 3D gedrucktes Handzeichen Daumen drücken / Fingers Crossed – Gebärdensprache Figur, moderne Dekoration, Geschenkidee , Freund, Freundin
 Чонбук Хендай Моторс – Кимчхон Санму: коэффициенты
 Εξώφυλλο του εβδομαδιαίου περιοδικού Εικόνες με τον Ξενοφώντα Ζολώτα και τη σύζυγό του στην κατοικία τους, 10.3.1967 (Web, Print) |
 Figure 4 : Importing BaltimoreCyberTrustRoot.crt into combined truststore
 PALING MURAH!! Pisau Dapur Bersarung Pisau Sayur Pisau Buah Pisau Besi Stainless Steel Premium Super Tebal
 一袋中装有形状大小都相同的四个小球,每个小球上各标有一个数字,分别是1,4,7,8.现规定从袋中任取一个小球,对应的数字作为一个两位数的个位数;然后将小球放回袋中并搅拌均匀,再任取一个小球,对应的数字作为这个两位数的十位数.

--

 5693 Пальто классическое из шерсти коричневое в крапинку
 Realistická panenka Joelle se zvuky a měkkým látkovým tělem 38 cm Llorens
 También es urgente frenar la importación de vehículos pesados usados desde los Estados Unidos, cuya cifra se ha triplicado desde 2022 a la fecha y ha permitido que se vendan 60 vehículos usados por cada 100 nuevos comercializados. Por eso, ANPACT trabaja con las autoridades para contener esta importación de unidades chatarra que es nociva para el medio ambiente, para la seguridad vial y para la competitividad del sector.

**What you need to do:** Take the line above containing "PALING MURAH!! Pisau", the line containing "一袋中装有形状大小都相同的四", and all lines in between, and copy them exactly without anything else.

**Answer section:**
 PALING MURAH!! Pisau Dapur Bersarung Pisau Sayur Pisau Buah Pisau Besi Stainless Steel Premium Super Tebal
 一袋中装有形状大小都相同的四个小球,每个小球上各标有一个数字,分别是1,4,7,8.现规定从袋中任取一个小球,对应的数字作为一个两位数的个位数;然后将小球放回袋中并搅拌均匀,再任取一个小球,对应的数字作为这个两位数的十位数.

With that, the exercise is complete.